Some Chinese travel agencies have organized tours to the eight cities and counties for China’s week-long National Day holiday, which began on Saturday and runs through Friday, after the heads of the eight local governments visited China last month.
The tours exclude several destinations normally popular with Chinese tourists, such as the National Palace Museum and Alishan (阿里山).
If the new itineraries are based on recognition of the so-called “1992 consensus” as a foundation for bilateral exchanges, and if Chinese authorities are pulling the strings, it would show the rigidity of the Chinese regime, National Taiwan Normal University political science professor Fan Shih-ping (范世平) said.
The “1992 consensus” — a term former Mainland Affairs Council chairman Su Chi (蘇起) admitted to making up in 2000 — refers to a tacit understanding between the KMT and the Chinese government that both sides of the Taiwan Strait acknowledge that there is “one China,” with each side having its own interpretation of what “China” means.
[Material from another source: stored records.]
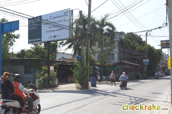 บรรยากาศซอยพหลโยธิน 48 หน้าทางเข้าโครงการมีอาคารพาณิชย์ และร้านอาหารตามสั่ง
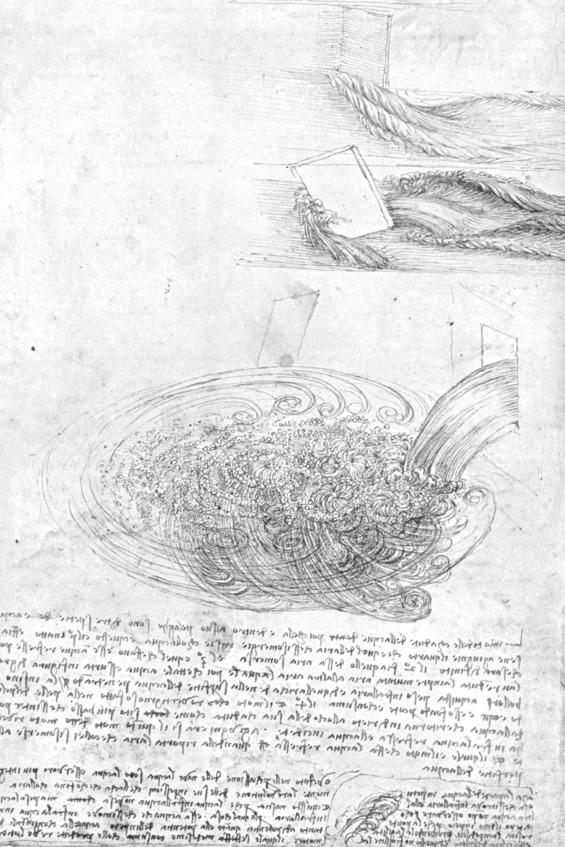 Вода – еще одна стихия, которая привлекала Леонардо. Всю жизнь он любовался ее движением. Невооруженным глазом он уловил и зарисовал завихрения воды, которые увидели современные ученые при помощи замедленной съемки. В конце жизни он заявил, что буйство воды покончит с миром, и сделал устрашающие рисунки потопа с пояснением: «Бушующие воды обрушиваются на содрогающийся от ужаса мир. Сумрачный воздух движим стремительным натиском ветров, прорезан нескончаемым дождем и градом. Вокруг огромные вывороченные деревья, превращаются в щепки неистовством ветра. Горы падают вниз на дно долин и образуют там барьер для воды. А вода все равно прорывается, вздымаясь громадными волами».
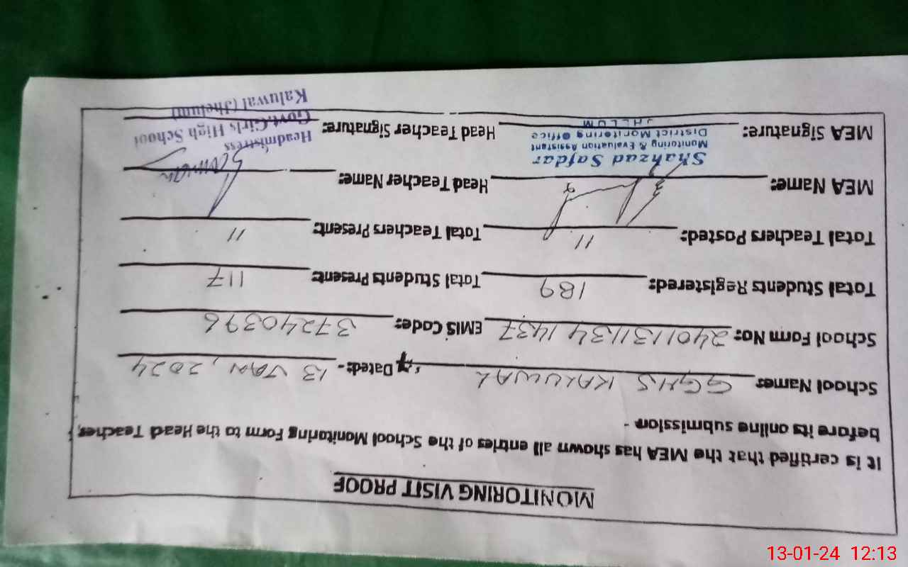 | Attendance Register | Head Teacher | MEA with School | Visit Proof |
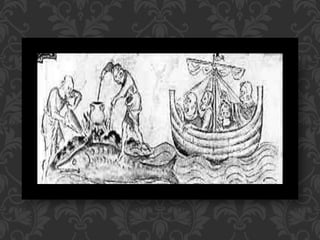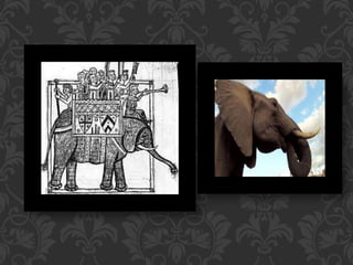 The document discusses how exotic animals like elephants were often inaccurately depicted in bestiaries. Elephants might be given incorrect physical attributes like hooves or strange ears. These visual depictions, as well as descriptions of their behavior, came from literary sources rather than from life. King Henry III of England was given a real elephant by the King of France, which was paraded through the streets of London, allowing people to see an actual elephant.
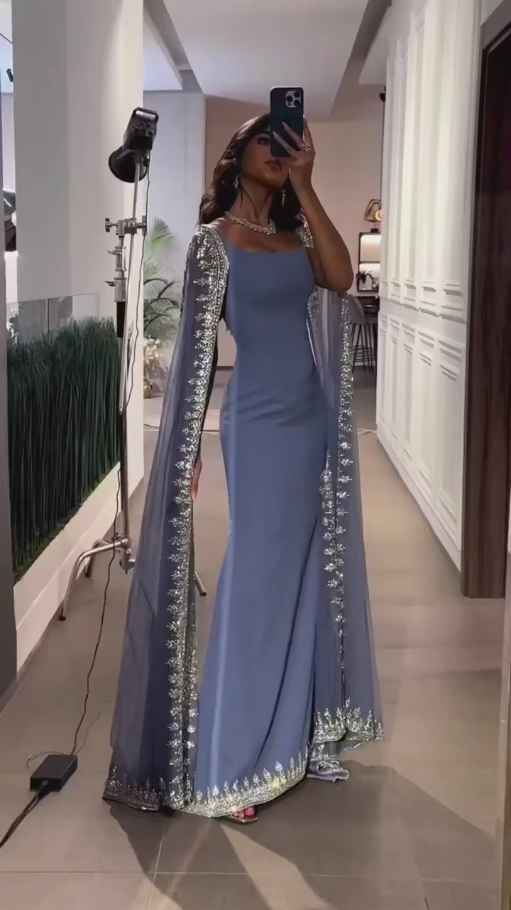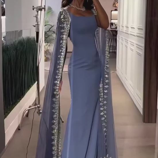 Robe de soirée sirène bleu poussiéreux vintage, robe de bal perlée avec appliques, design cape unique, robe de soirée longue DP500
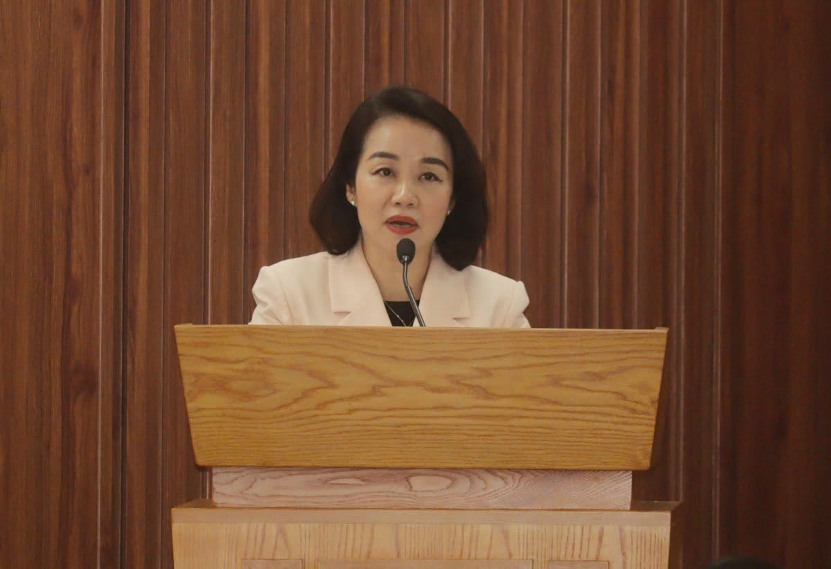 Đồng chí Lê Thị Lan, Uỷ viên Quận uỷ, Chủ tịch Uỷ ban Mặt trận Tổ quốc Việt Nam quận phát biểu chỉ đạo Hội nghị
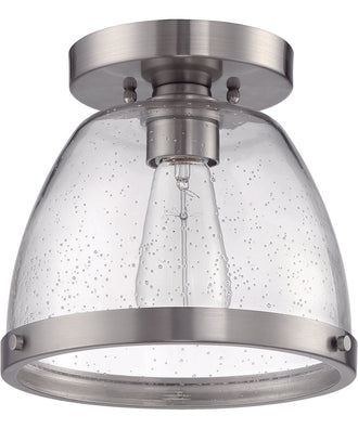 This flushmount light fixture is designed to provide excellent illumination without overwhelming your space. It measures 7 inches in height and 7.5 inches in width, making it ideal for smaller areas or as part of a layered lighting scheme. The clear seeded glass shade, with dimensions of 6.88 inches in width and 5.38 inches in height, allows for optimal light diffusion, creating a warm and inviting ambiance.
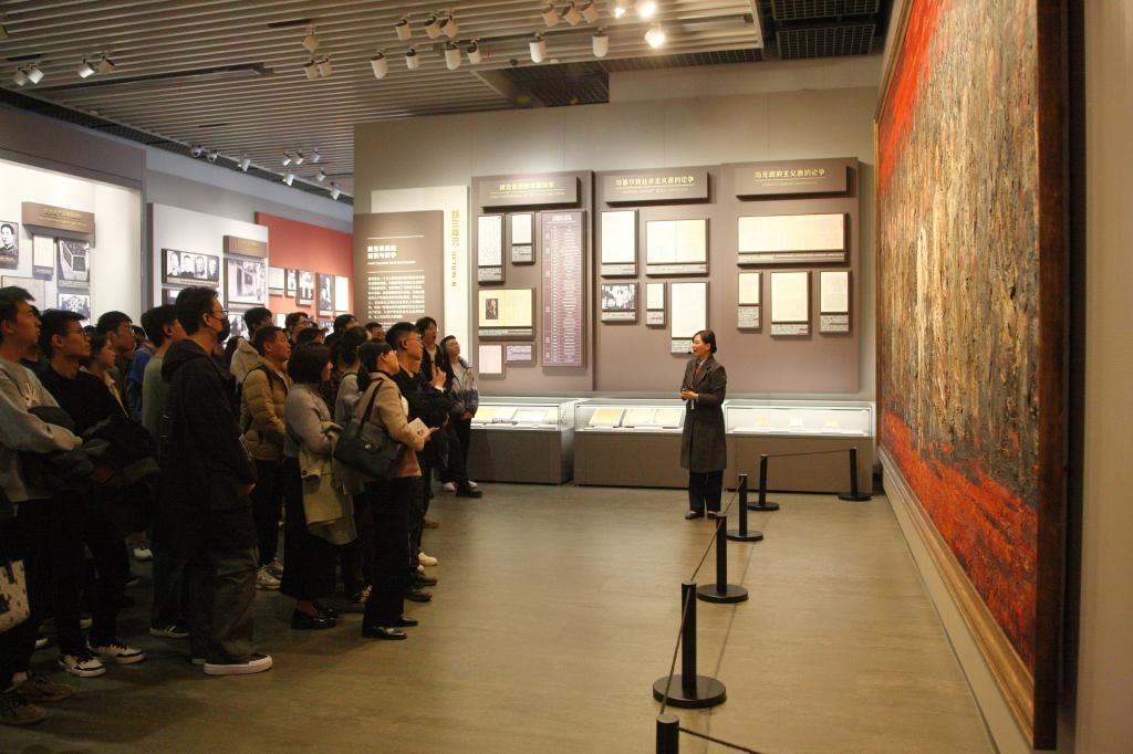 在中共一大会址纪念馆内,随着一幅热血澎湃的历史画卷徐徐展开,同志们仿佛身临其境,深切感受到革命光辉历程的振奋人心。“日出东方——从石库门到天安门”历史组画照壁宏伟而壮丽,在这激情洋溢的历史画卷前,同志们沿着中国共产党100余载的光辉历程,共同回忆中国共产党从建立到发展的开天辟地的大事变。
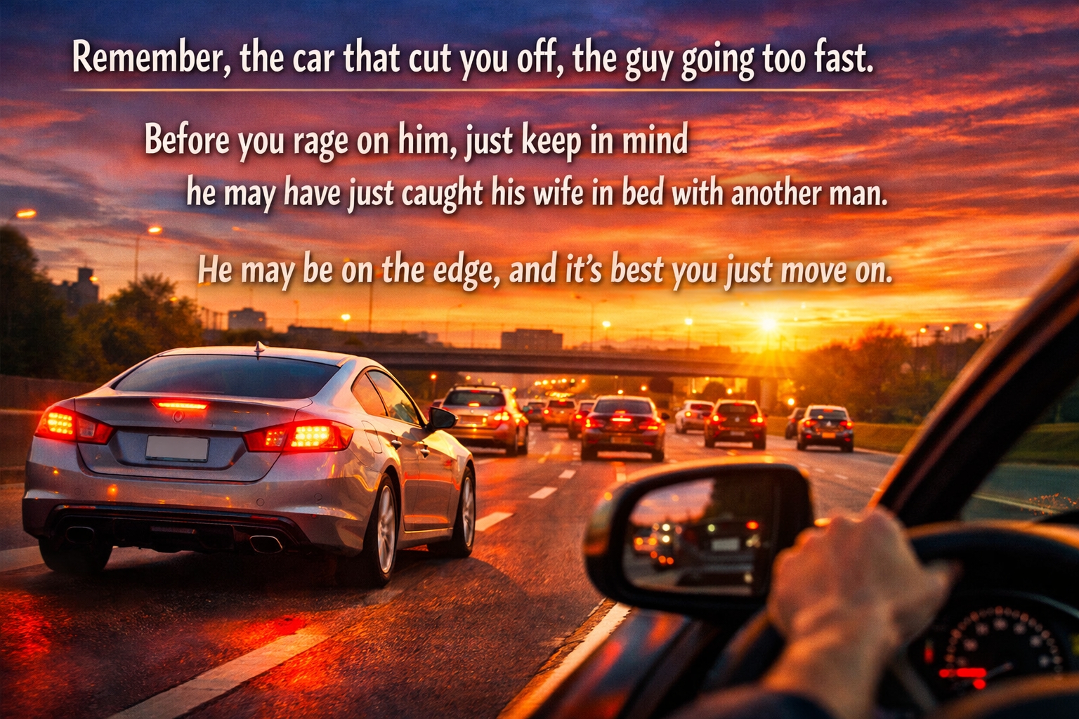 J.Smith+FollowNot Worth It Remember, the car that cut you off, the guy going too fast. Before you rage on him, just keep in mind he may have just caught his wife in bed with another man. He may be on the edge, and it’s best you just move on.#roadrage #RoadRageAwareness #RoadSafety00Share
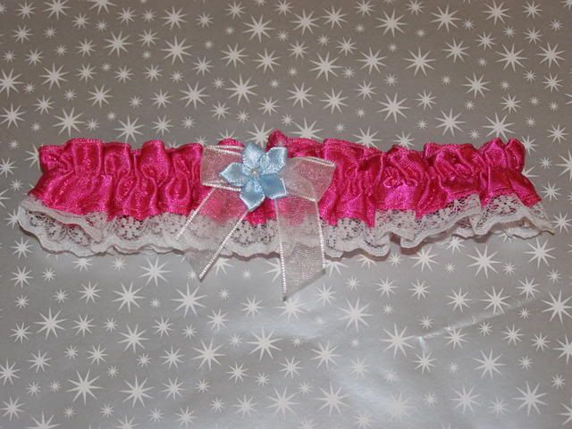 I wanted to wear something that went with my color scheme and I saw this at A.C. Moore in the bachelorette section. I bought two of them, one for my throw away. I sewed a blue flower on the one I wore as my “something blue”.
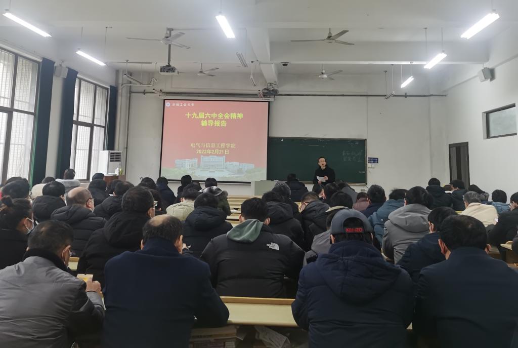 新学期伊始,为深入学习贯彻中国共产党第十九届中央委员会第六次全体会议精神。2月21日下午,电气公司邀请公司党委讲师团成员、马克思主义公司牛云芳博士来院作党的十九届六中全会精神专题宣讲报告,公司全体教职工、员工代表等参加报告会,公司党委书记丁忠利主持报告会。
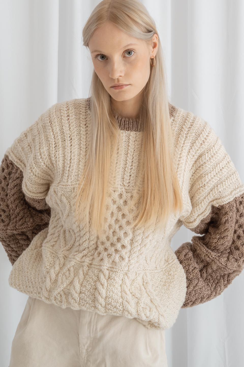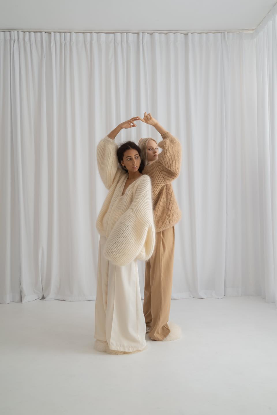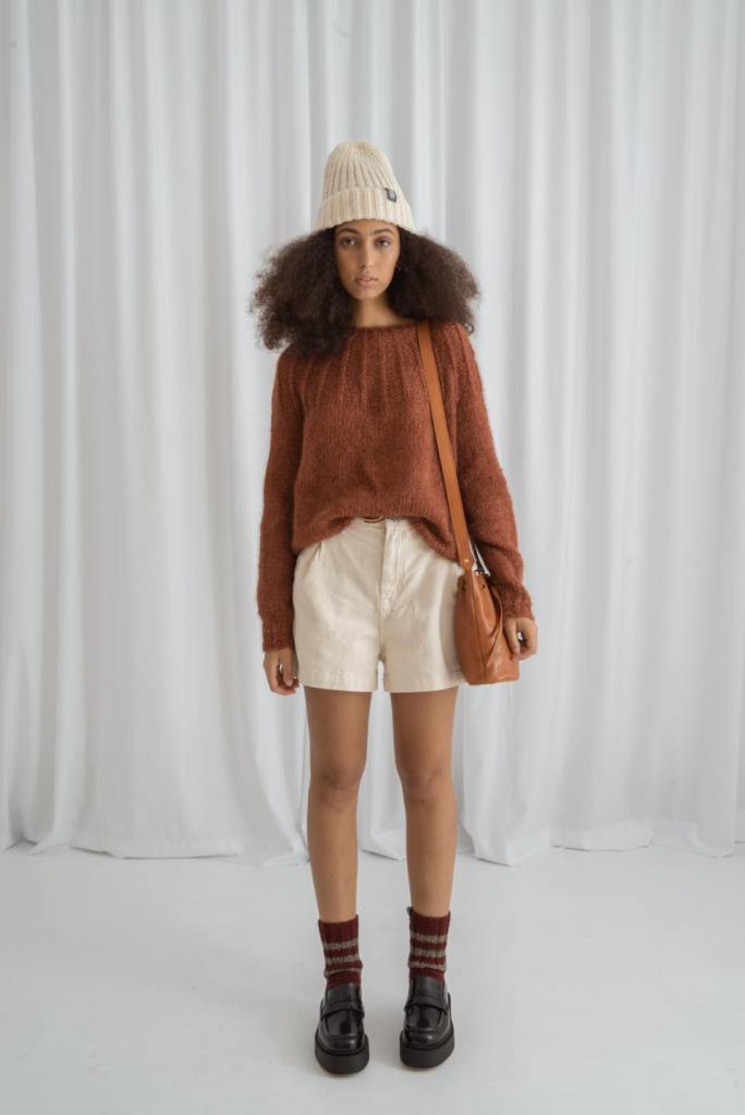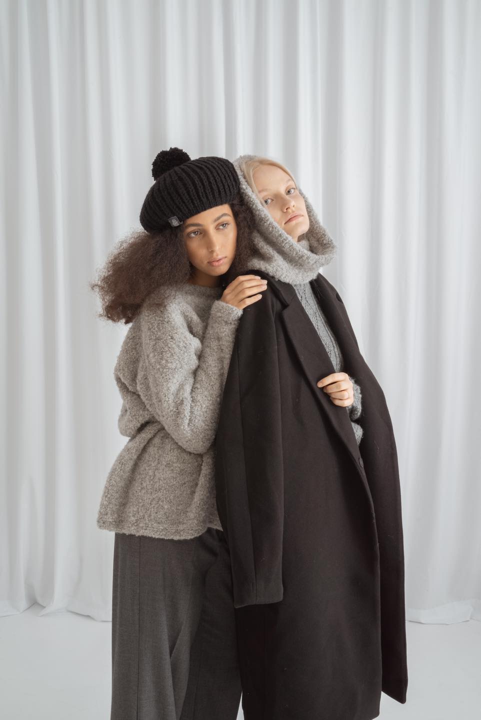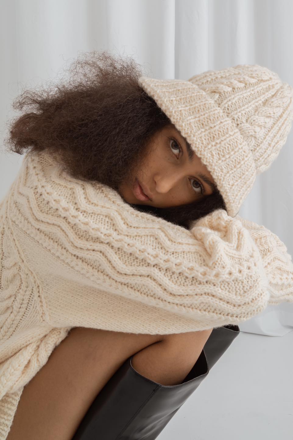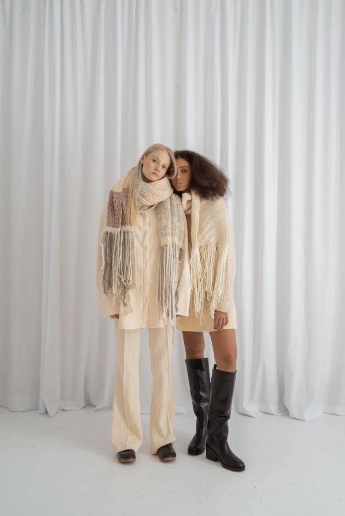 Jesienno-zimową kolekcję uzupełniają akcesoria: wełniane czapki dziergane na wzór bucket hats i turbanów, bonety (lub jak kto woli – balaklawy), długaśne szaliki z frędzlami oraz kominy. Cała sesja, choć dość jak na markę minimalistyczna, bo zrealizowana w całości w studio, doskonale oddaje miękkość i przytulność dzianin, a także prezentuje różne sposoby ich stylizacji. Pomocna jest w tym neutralna paleta kremów, beżów, rdzawych brązów i szarości, ale też i wrażliwość fotografa, który wydobył z dzianin najdrobniejsze szczegóły.
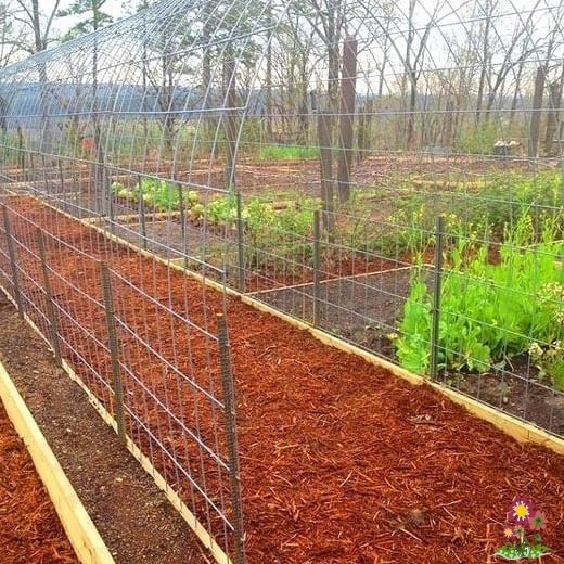 Расчищаем место, где будет стоять парник. Делаем каркас для теплицы. На него крепим сетку. В землю вбиваем прутья металлической арматуры, над земле оставляем около 70 сантиметров. К прутья прикручиваем проволокой края сетки.
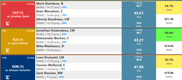 If you take anything away from this, keep in mind that hockey is a high-variance sport. The top ranked player in each category could be a great play or be a dud tonight. Going all in on any player probably isn't a great move.
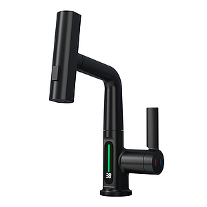 Modern Single Hole Basin Faucet with Waterfall, Pull Out Sprayer and LED Temperature Display, Black
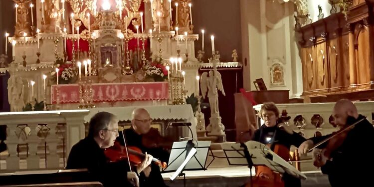 Si è aperto giovedì 3 aprile, nel Duomo di Tolmezzo, il solenne evento delle 40 ore, un momento di profonda preghiera e adorazione che vede esposto il Santissimo Sacramento in forma solenne, al centro di una straordinaria cornice artistica: la Macchina delle 40 ore. Questa imponente e suggestiva struttura, appositamente realizzata dagli “amici di Sant’Ilario” per l’occasione, incornicia con grande maestosità l’ostia consacrata, Corpo di Cristo, rendendo ancora più toccante l’esperienza di preghiera. A rendere l’atmosfera ancor più intensa, più di un centinaio di candele ardono attorno all’altare, illuminando la scena con una luce calda e mistica, che invita alla contemplazione e alla preghiera silenziosa.
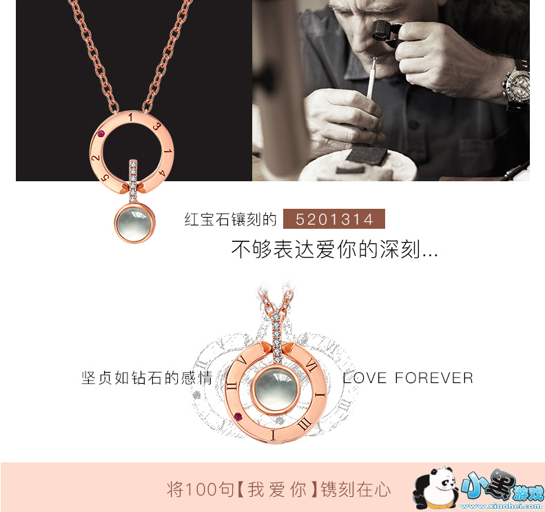 通过与专利纳米微雕技术结合,将100句【我爱你】雕刻在吊坠中

Even if the new tours target the eight cities and counties, it will be hard for Chinese tourists to stay out of areas governed by the Democratic Progressive Party and avoid contact with pan-green camp supporters, Fan said.
Even worse, if netizens mock the eight cities and counties as being under Chinese control, then Japanese and South Korean tourists might visit other parts of Taiwan, Fan said.
The difficulties of implementing such a policy might make it counterproductive, he said.
Kou Chien-wen (寇健文), a professor of political science in National Chengchi University’s Graduate Institute of East Asian Studies, said that while China might have wanted to teach the DPP central government a lesson, the move might backfire with local tourism operators, who might question why they are being treated unfairly when they have done nothing wrong.
The move will also give people the impression that “if you do not follow China’s orders, it will not associate with you,” and make them think that Beijing’s previously exchanges and engagements with Taiwan were simply political maneuvering, Kou said.
During their trip to Beijing last month, the six KMT and two independent officials who lead New Taipei City, and Miaoli, Hsinchu, Nantou, Taitung, Hualien, Kinmen and Lienchiang counties, met with China’s Taiwan Affairs Office Minister Zhang Zhijun (張志軍) and Chinese People’s Political Consultative Conference Chairman Yu Zhengsheng (俞正聲) on Sept. 18.
At the meeting, Zhang reiterated that the “one China” principle was the political foundation on which cross-strait exchanges will be conducted.
The eight visitors had one thing in common, “they all acknowledge the 1992 consensus, support the peaceful development of cross-strait ties and hope the hard-earned fruit of cross-strait development will be cherished rather than damaged,” he said.
The Chinese authorities also expressed support for the establishment of a liaison center to promote tourism between the eight cities and counties and areas in China.